• **Task requirements**: Set every line of the data down again exactly, and keep the pictures out.

Stored records
□ □ □ □

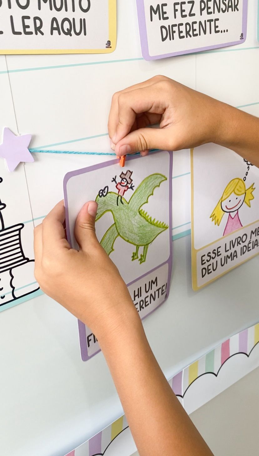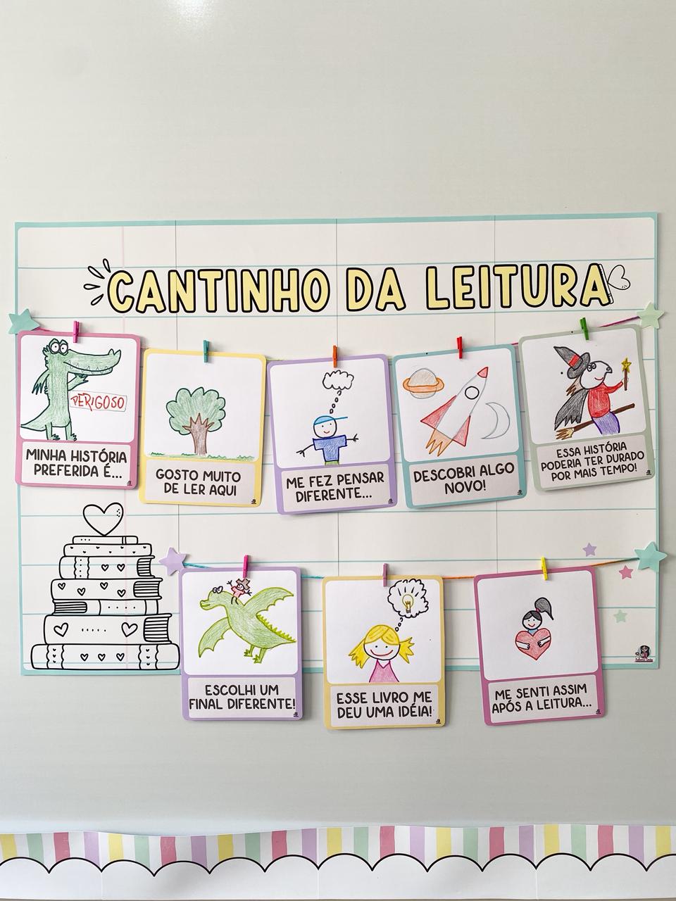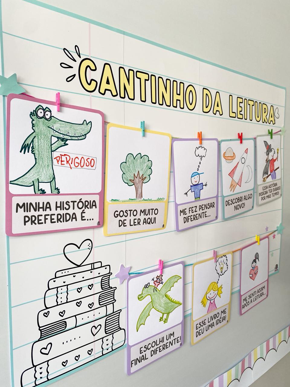 O Cantinho da Leitura Interativo foi pensado como um painel rotativo, onde as fichas são trocadas a cada grupo que passa pelo cantinho, permitindo que todas as crianças participem, registrem e compartilhem suas experiências com os livros.
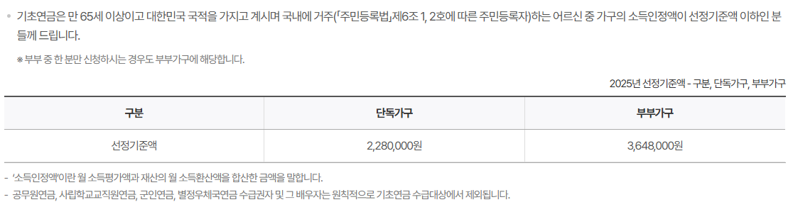 - 2025년 기준: 단독 가구 약 2,280,000원 이하, 부부 가구 약 3,648,000원 이하
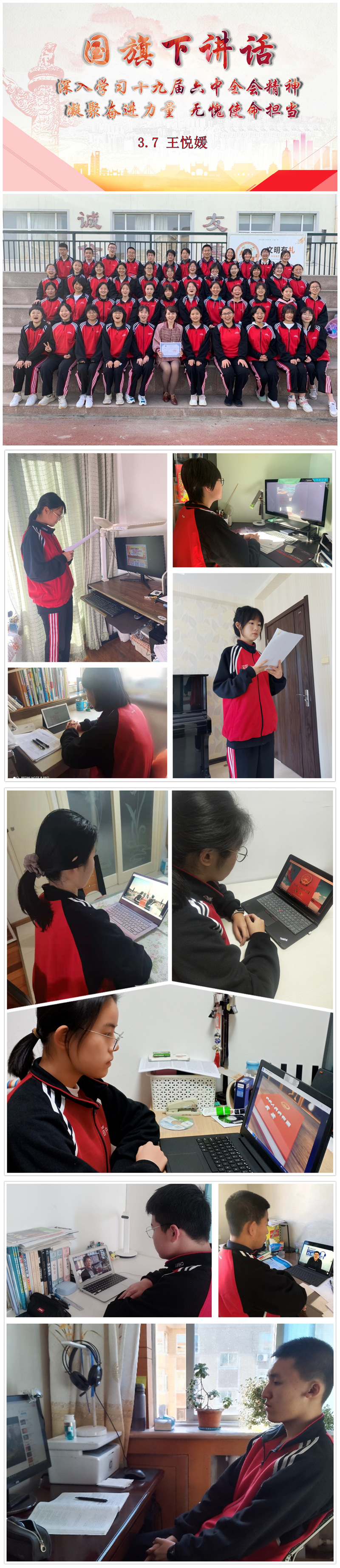 11月29日(星期一)早7点,我校团委组织全体师生在钉钉群举行线上升旗仪式,高三七班学生代表做“深入学习十九届六中全会精神,凝聚奋进力量,无愧使命担当”为主题的国旗下讲话。
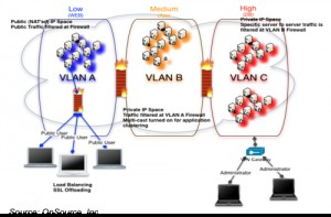 OpSource提供了不同種類的客戶化的方法,包括它自己的RESTful API,在某種程度上,企業(yè)可以在OpSource的公有云環(huán)境中實現(xiàn)"縱深防御"安全模式(如圖所示)。
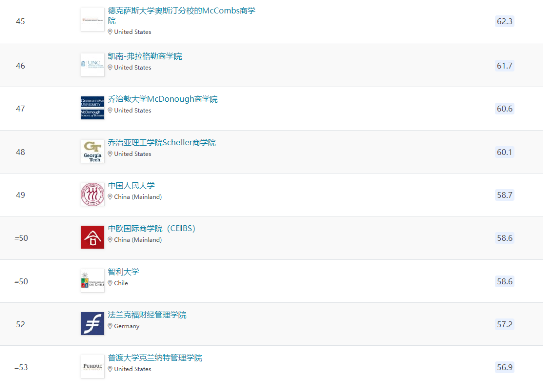 同时,英国商学院亦表现不俗,共有28所商学院跻身榜单,其中两所强势进入全球前十名。中国内地的商学也在此次排名中有所突破,共有10所商学院成功入围。
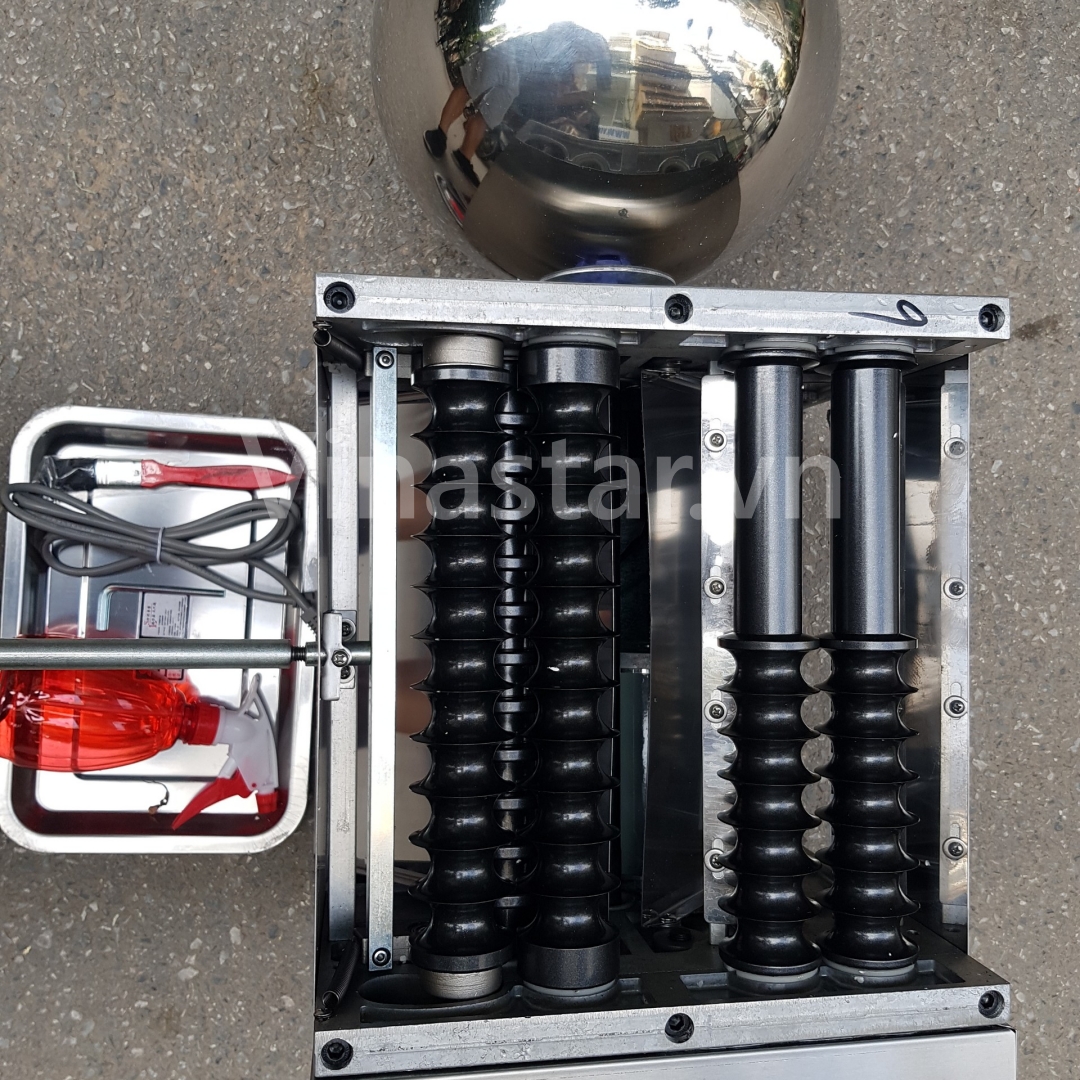- Các bộ phận cấu tạo của máy chủ yếu được chế tạo từ Inox 304 chất lượng cao, không sợ bị gỉ sét và chống bám bụi. Đảm bảo nhu cầu về vệ sinh an toàn thực phẩm.
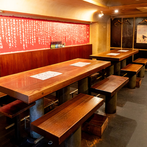 最大16名まで着席可能な広々としたテーブル席は、グループでの食事や宴会にぴったりです◎ゆったりとした空間で、周りを気にせず仲間と楽しい時間を共有できます。ボリューム満点の居酒屋メニューを囲んで、会話も弾むこと間違いなしです!
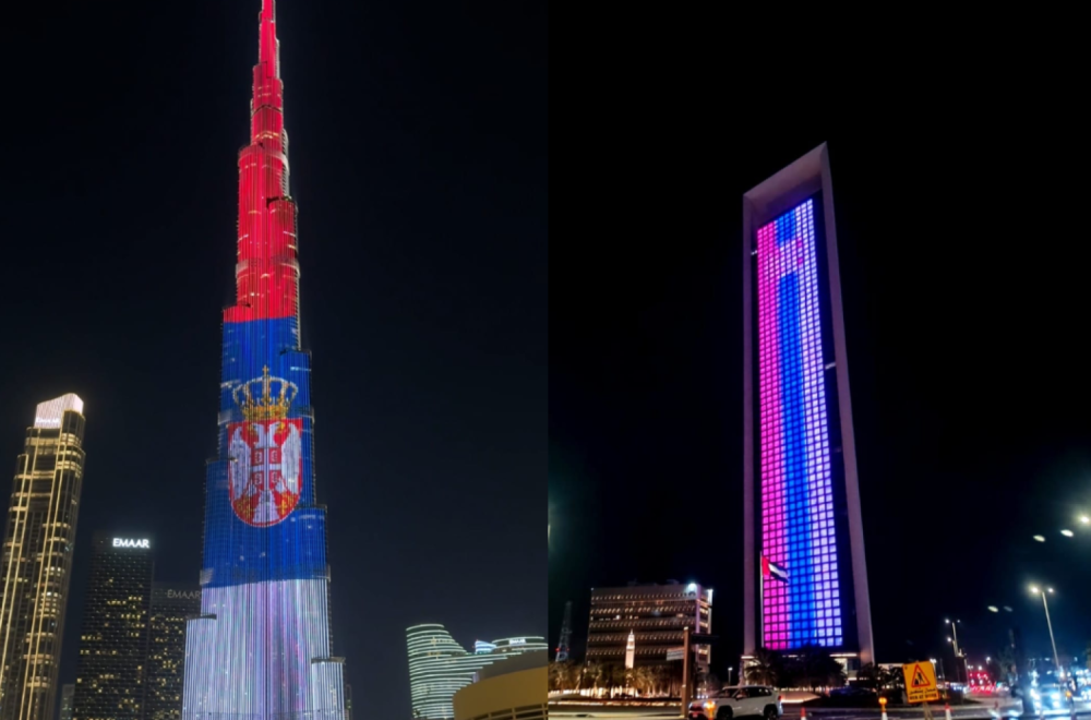 U znak prijateljstva, povodom Dana državnosti, večeras su u bojama srpske zastave osvetljeni Burdž Kalifa u Dubaiju, kao i zgrada ADNOC-a u Abu Dabiju.
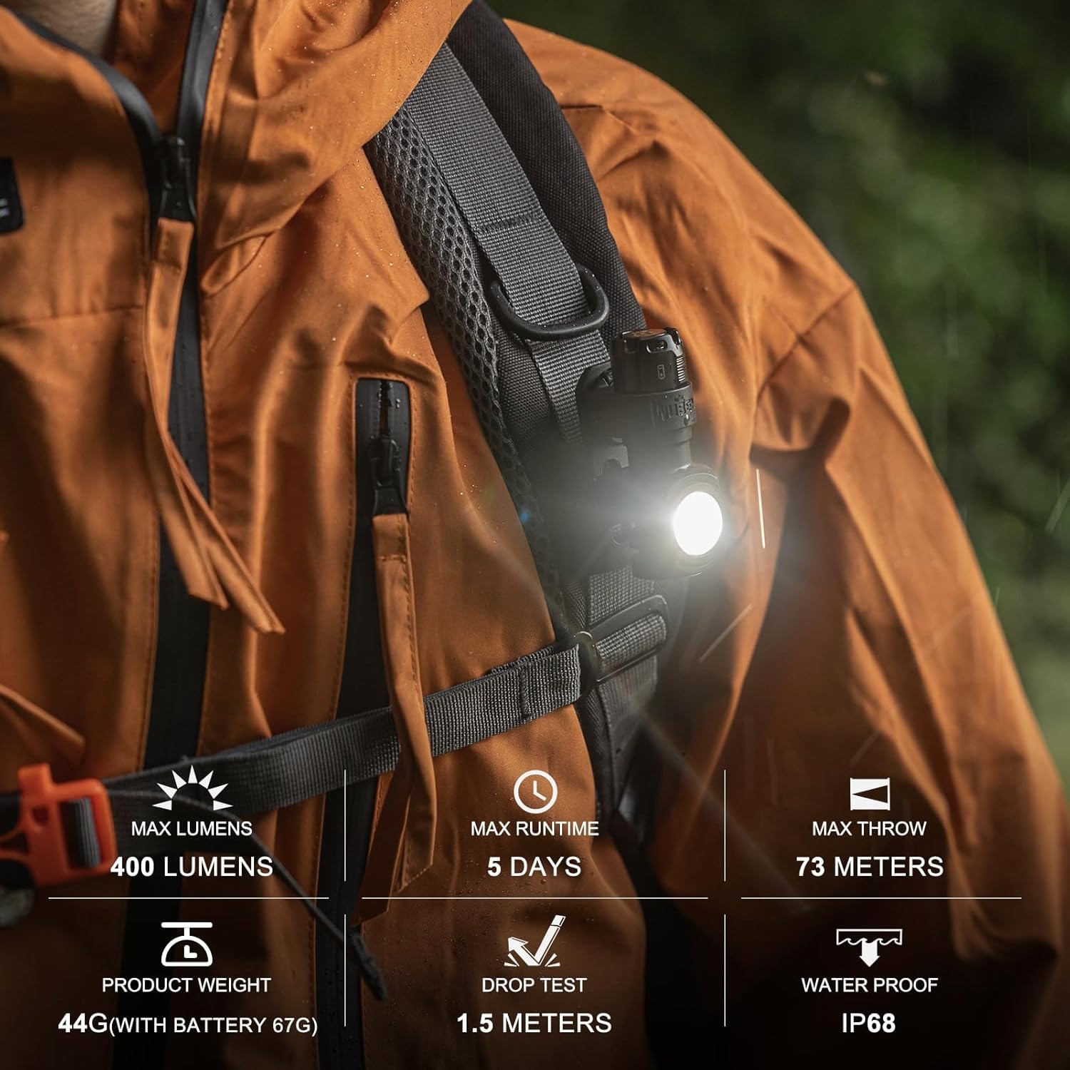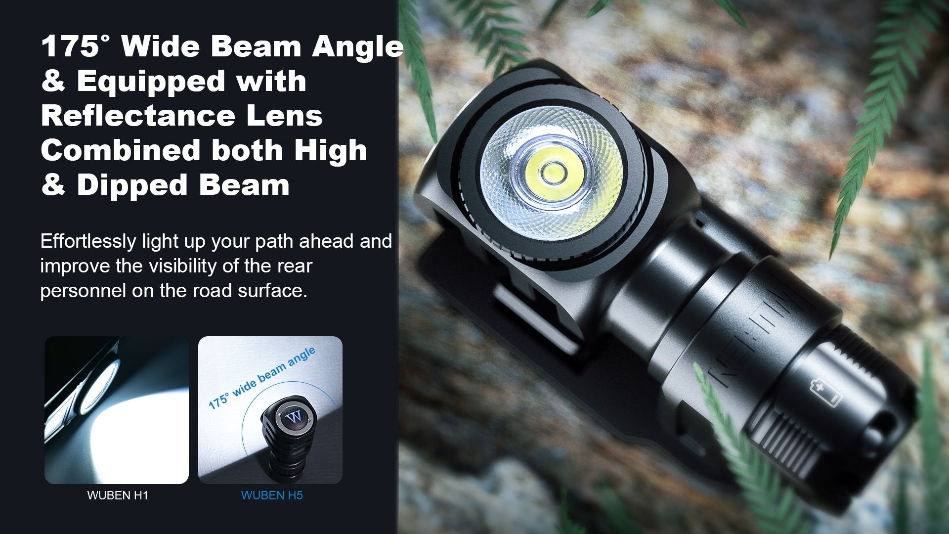 - Mount kết nối thông minh & Đa năng : Wuben H5 được trang bị một chiếc mount kết nối cực kì linh hoạt với trục xoay mang lại khả năng thay đổi góc chiếu sáng cho đèn 360 độ ngang dọc, có khả năng kết nối với dây đeo đầu và kẹp lên balo / thắt lưng / mũ, phía sau bộ phận này còn được tích hợp thêm nam châm tăng độ tùy biến, đèn cũng có thể dễ dàng tháo lắp khỏi mount thành một chiếc đèn pha đơn lẻ, và tất nhiên vị trí đuôi đèn cũng được trang bị nam châm có thể tự đứng vững chắc trên các bề mặt kim loại.
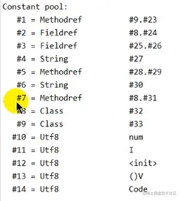 3.在Java源文件被编译成字节码文件中时,所有的变量和方法引用都作为符号引用(symbolic Refenrence)保存在class字节码文件(javap反编译查看)的常量池里。比如:描述一个方法调用了另外的其他方法时,就是通过常量池中指向方法的符号引用来表示的,那么动态链接的作用就是为了将这些符号引用(#)最终转换为调用方法的直接引用。
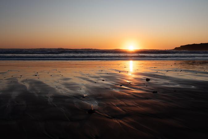 At 4.45pm, we arrive at the Opunake Beach Holiday Park campsite. The campsite is almost empty, so we set up wherever we like, on the lawn in the sun. Dinner outside on our camping table. We go to see the sunset on the beach, it's so pretty!
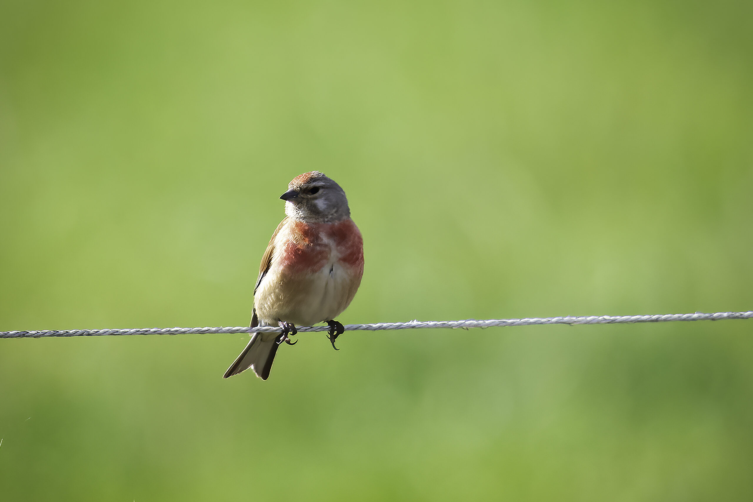 Vaak te zien in groepjes, waarbij de vogels erop los kwetteren. Een man kneu in prachtkleed heeft een fraaie karmijnrode borst en 'baret'.
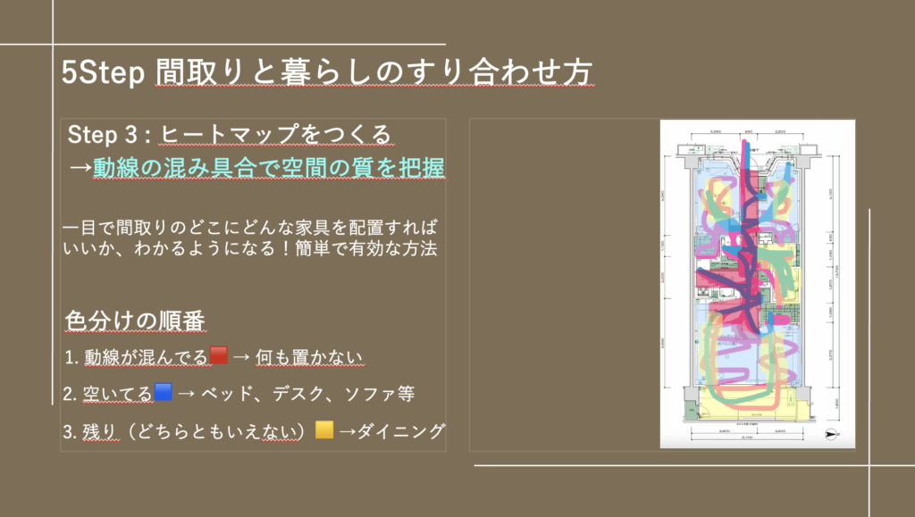 家具配置で整える前に、理想の暮らしと現状のすり合わせを図面上で視覚化する方法をお話しました。これは、私がオリジナルで考えたのもで「一目で空間の質が分かる」ので、理想との差を埋める必要性が誰にでも理解できるやり方になります。
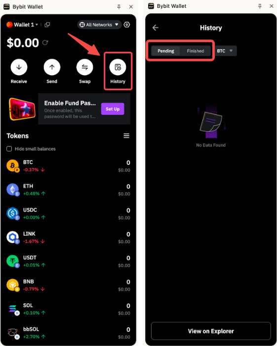 Натисніть Історія на порталі Гаманця Bybit, щоб переглянути історію депозиту та виведення на вкладках В очікуванні та Надіслано.

□ □ □ □

• **Exercise result**:
 O Cantinho da Leitura Interativo foi pensado como um painel rotativo, onde as fichas são trocadas a cada grupo que passa pelo cantinho, permitindo que todas as crianças participem, registrem e compartilhem suas experiências com os livros.
 - 2025년 기준: 단독 가구 약 2,280,000원 이하, 부부 가구 약 3,648,000원 이하
 11月29日(星期一)早7点,我校团委组织全体师生在钉钉群举行线上升旗仪式,高三七班学生代表做“深入学习十九届六中全会精神,凝聚奋进力量,无愧使命担当”为主题的国旗下讲话。
 OpSource提供了不同種類的客戶化的方法,包括它自己的RESTful API,在某種程度上,企業(yè)可以在OpSource的公有云環(huán)境中實現(xiàn)"縱深防御"安全模式(如圖所示)。
 同时,英国商学院亦表现不俗,共有28所商学院跻身榜单,其中两所强势进入全球前十名。中国内地的商学也在此次排名中有所突破,共有10所商学院成功入围。
- Các bộ phận cấu tạo của máy chủ yếu được chế tạo từ Inox 304 chất lượng cao, không sợ bị gỉ sét và chống bám bụi. Đảm bảo nhu cầu về vệ sinh an toàn thực phẩm.
 最大16名まで着席可能な広々としたテーブル席は、グループでの食事や宴会にぴったりです◎ゆったりとした空間で、周りを気にせず仲間と楽しい時間を共有できます。ボリューム満点の居酒屋メニューを囲んで、会話も弾むこと間違いなしです!
 U znak prijateljstva, povodom Dana državnosti, večeras su u bojama srpske zastave osvetljeni Burdž Kalifa u Dubaiju, kao i zgrada ADNOC-a u Abu Dabiju.
 - Mount kết nối thông minh & Đa năng : Wuben H5 được trang bị một chiếc mount kết nối cực kì linh hoạt với trục xoay mang lại khả năng thay đổi góc chiếu sáng cho đèn 360 độ ngang dọc, có khả năng kết nối với dây đeo đầu và kẹp lên balo / thắt lưng / mũ, phía sau bộ phận này còn được tích hợp thêm nam châm tăng độ tùy biến, đèn cũng có thể dễ dàng tháo lắp khỏi mount thành một chiếc đèn pha đơn lẻ, và tất nhiên vị trí đuôi đèn cũng được trang bị nam châm có thể tự đứng vững chắc trên các bề mặt kim loại.
 3.在Java源文件被编译成字节码文件中时,所有的变量和方法引用都作为符号引用(symbolic Refenrence)保存在class字节码文件(javap反编译查看)的常量池里。比如:描述一个方法调用了另外的其他方法时,就是通过常量池中指向方法的符号引用来表示的,那么动态链接的作用就是为了将这些符号引用(#)最终转换为调用方法的直接引用。
 At 4.45pm, we arrive at the Opunake Beach Holiday Park campsite. The campsite is almost empty, so we set up wherever we like, on the lawn in the sun. Dinner outside on our camping table. We go to see the sunset on the beach, it's so pretty!
 Vaak te zien in groepjes, waarbij de vogels erop los kwetteren. Een man kneu in prachtkleed heeft een fraaie karmijnrode borst en 'baret'.
 家具配置で整える前に、理想の暮らしと現状のすり合わせを図面上で視覚化する方法をお話しました。これは、私がオリジナルで考えたのもで「一目で空間の質が分かる」ので、理想との差を埋める必要性が誰にでも理解できるやり方になります。
 Натисніть Історія на порталі Гаманця Bybit, щоб переглянути історію депозиту та виведення на вкладках В очікуванні та Надіслано.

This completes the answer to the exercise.